::: The records
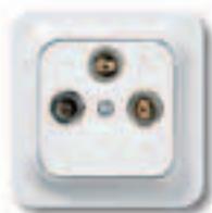
Antenna socket-outlet, 3-gang
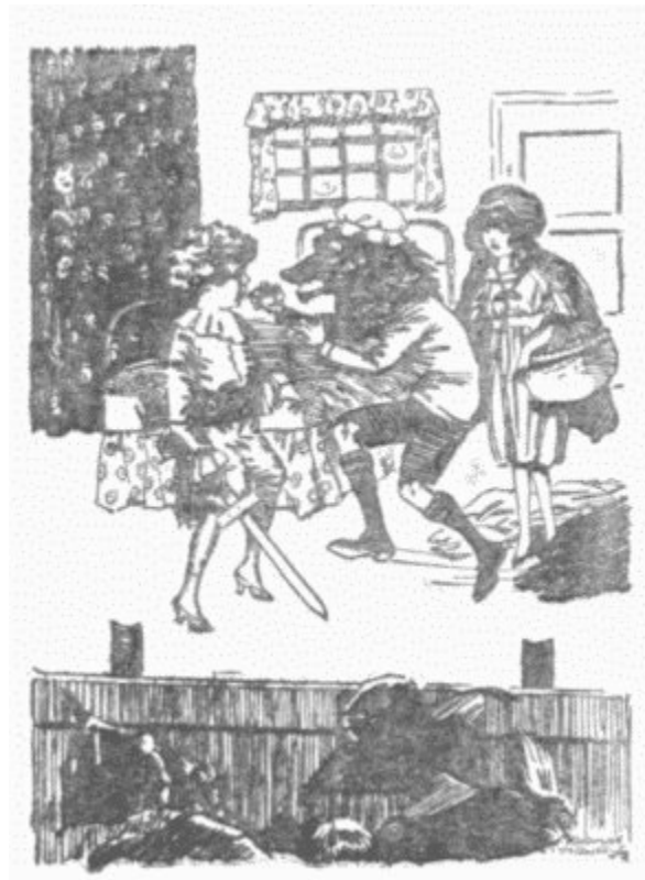
THE SIGHT OF THE HATED CUTHBERT ABOUT TO EMBRACE HIS JOAN GOADED WILLIAM TO TEMPORARY MADNESS.

Mrs. de Vere Carter had filled Red Riding-Hood's basket with packages of simple groceries, which included, among other things, a paper bag of flour and a jar of jam.
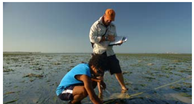
Seagrass-Watch volunteers in Nhulunbuy, Northern Territory.
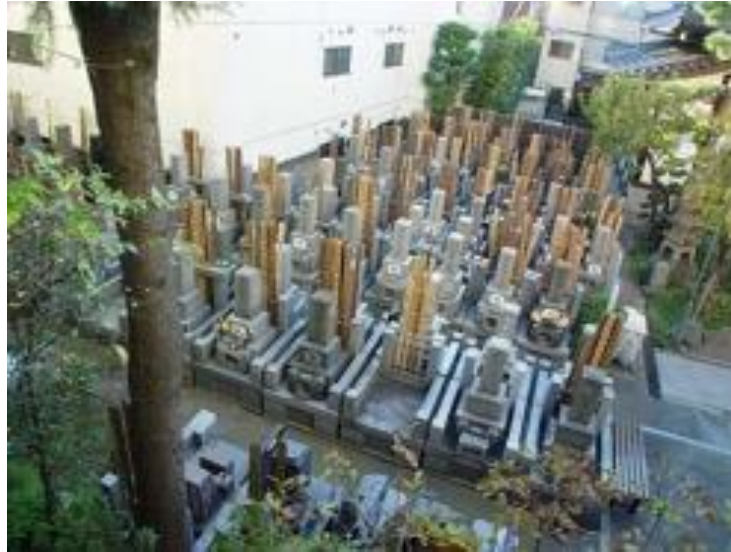
Fig. 9. The End of Rationalism . Today the only grid-like arrangement to remain in Tokyo is the cemetery. Tokyo, Japan, 2005.

History and memory are incompatible. Transcription of socially or political occurrences that are then regurgitated into what is commonly labeled as "culture" has a similar effect on memory as the blanket bombing of WW2 did on the city of Tokyo. History eradicates, obliterates, destroys memory. History and memory involve different conceptions of what is "past" and what is "present," and reading recent history, one is always under the impression that "this is not how I remember it." The event is still alive in the cultural consciousness, its resonance is still felt, and yet it is written down, transcribed, taught to young children at school. As Chris Marker asks in Sans Soleil , "Do we know where history is really made?" Less recent history is simply old enough to be considered "past," it falls outside our realm of experience and is foreign enough to be labeled "history." Tokyo is a city with no immediate past, and hence no recent history. Post-war events are still quite alive, and these still-vivid images can be traced in various aspects of the social and economic fabric. This is purely the realm of memory, the yoin of the nuclear bombs that drew a bold line between the nation's immediate present and very distant past. The threat of global oblivion is all but forgotten (i.e. relegated to the realm of history), but the personal wound lives on (it is in the realm of memory).
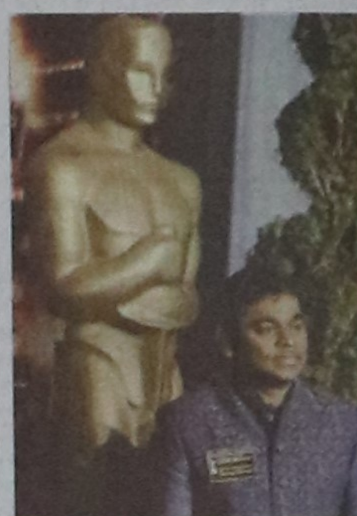
A.R. Rahman arrives at the Academy Award luncheon in Beverly Hills, California on February 2, 2009.

Rahman says the film is consistent with his humanitarian goals. An honorary U.N. ambassador, he set up the A.R. Rahman Foundation to support educational programmes for underprivileged children across India. He has also founded a conservatory in his home city of Chennai to prepare youngsters for careers in music.
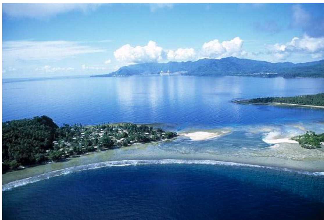
Malie Island with the Newcrest Gold Mine operations on Lihir in the background. Malie is one of four islands that form the Lihir group. The others include Masahet, Mahur and Lihir or Niolam as it is known locally.

“Create the wealth required to provide economic benefits and financial independence that will support the welfare and standard of living of all Lihirians following the closure of the Lihir gold mine.”
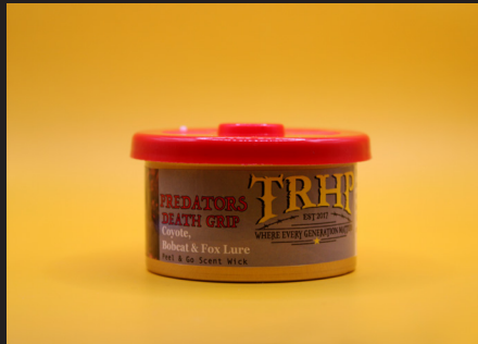
PREDATORS DEATH GRIP
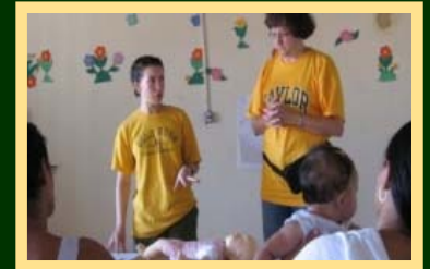
practica, internships, & theses
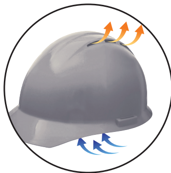
Natural Convection Airflow
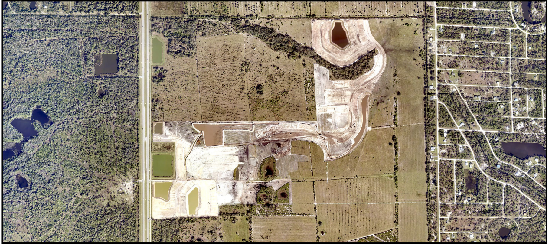
DRC-24-188 2024 Eagle View Image
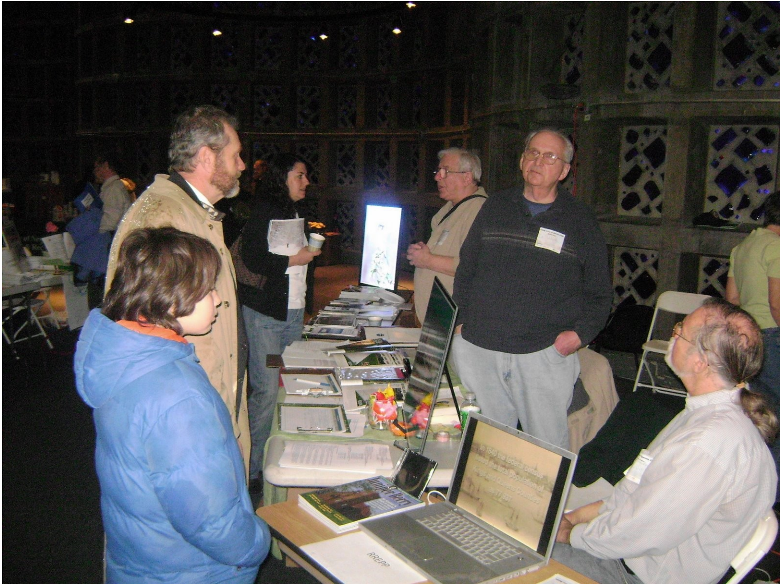
Ridgewood Reservoir Education and Preservation Project
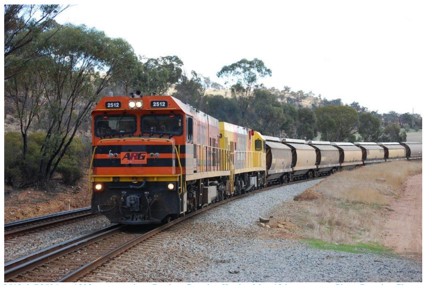
2512 & P2504 on 1303 empty grain at Donkey Crossing Katrine May 13th
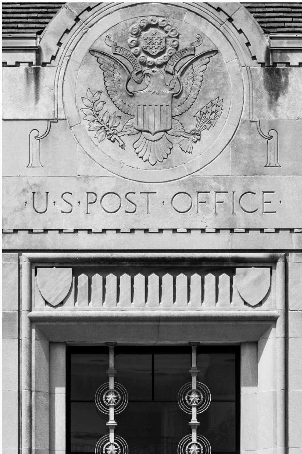
Wheaton Post Office, 1933, entry façade 2022
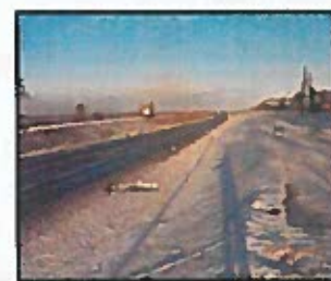
December 2016 - North of Brownstown Junction - December 2017
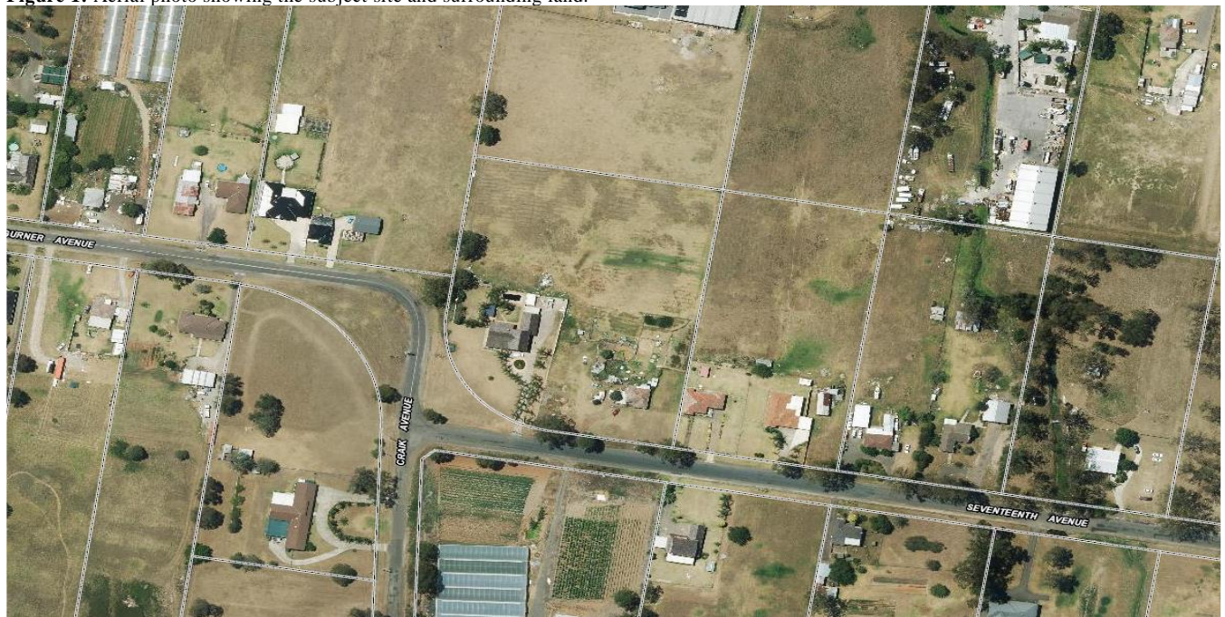
Figure 1: Aerial photo showing the subject site and surrounding land.
::::::
Give the data above again in full and unchanged, skipping the pictures.

Antenna socket-outlet, 3-gang
THE SIGHT OF THE HATED CUTHBERT ABOUT TO EMBRACE HIS JOAN GOADED WILLIAM TO TEMPORARY MADNESS.

Mrs. de Vere Carter had filled Red Riding-Hood's basket with packages of simple groceries, which included, among other things, a paper bag of flour and a jar of jam.
Seagrass-Watch volunteers in Nhulunbuy, Northern Territory.
Fig. 9. The End of Rationalism . Today the only grid-like arrangement to remain in Tokyo is the cemetery. Tokyo, Japan, 2005.

History and memory are incompatible. Transcription of socially or political occurrences that are then regurgitated into what is commonly labeled as "culture" has a similar effect on memory as the blanket bombing of WW2 did on the city of Tokyo. History eradicates, obliterates, destroys memory. History and memory involve different conceptions of what is "past" and what is "present," and reading recent history, one is always under the impression that "this is not how I remember it." The event is still alive in the cultural consciousness, its resonance is still felt, and yet it is written down, transcribed, taught to young children at school. As Chris Marker asks in Sans Soleil , "Do we know where history is really made?" Less recent history is simply old enough to be considered "past," it falls outside our realm of experience and is foreign enough to be labeled "history." Tokyo is a city with no immediate past, and hence no recent history. Post-war events are still quite alive, and these still-vivid images can be traced in various aspects of the social and economic fabric. This is purely the realm of memory, the yoin of the nuclear bombs that drew a bold line between the nation's immediate present and very distant past. The threat of global oblivion is all but forgotten (i.e. relegated to the realm of history), but the personal wound lives on (it is in the realm of memory).
A.R. Rahman arrives at the Academy Award luncheon in Beverly Hills, California on February 2, 2009.

Rahman says the film is consistent with his humanitarian goals. An honorary U.N. ambassador, he set up the A.R. Rahman Foundation to support educational programmes for underprivileged children across India. He has also founded a conservatory in his home city of Chennai to prepare youngsters for careers in music.
Malie Island with the Newcrest Gold Mine operations on Lihir in the background. Malie is one of four islands that form the Lihir group. The others include Masahet, Mahur and Lihir or Niolam as it is known locally.

“Create the wealth required to provide economic benefits and financial independence that will support the welfare and standard of living of all Lihirians following the closure of the Lihir gold mine.”
PREDATORS DEATH GRIP
practica, internships, & theses
Natural Convection Airflow
DRC-24-188 2024 Eagle View Image
Ridgewood Reservoir Education and Preservation Project
2512 & P2504 on 1303 empty grain at Donkey Crossing Katrine May 13th
Wheaton Post Office, 1933, entry façade 2022
December 2016 - North of Brownstown Junction - December 2017
Figure 1: Aerial photo showing the subject site and surrounding land.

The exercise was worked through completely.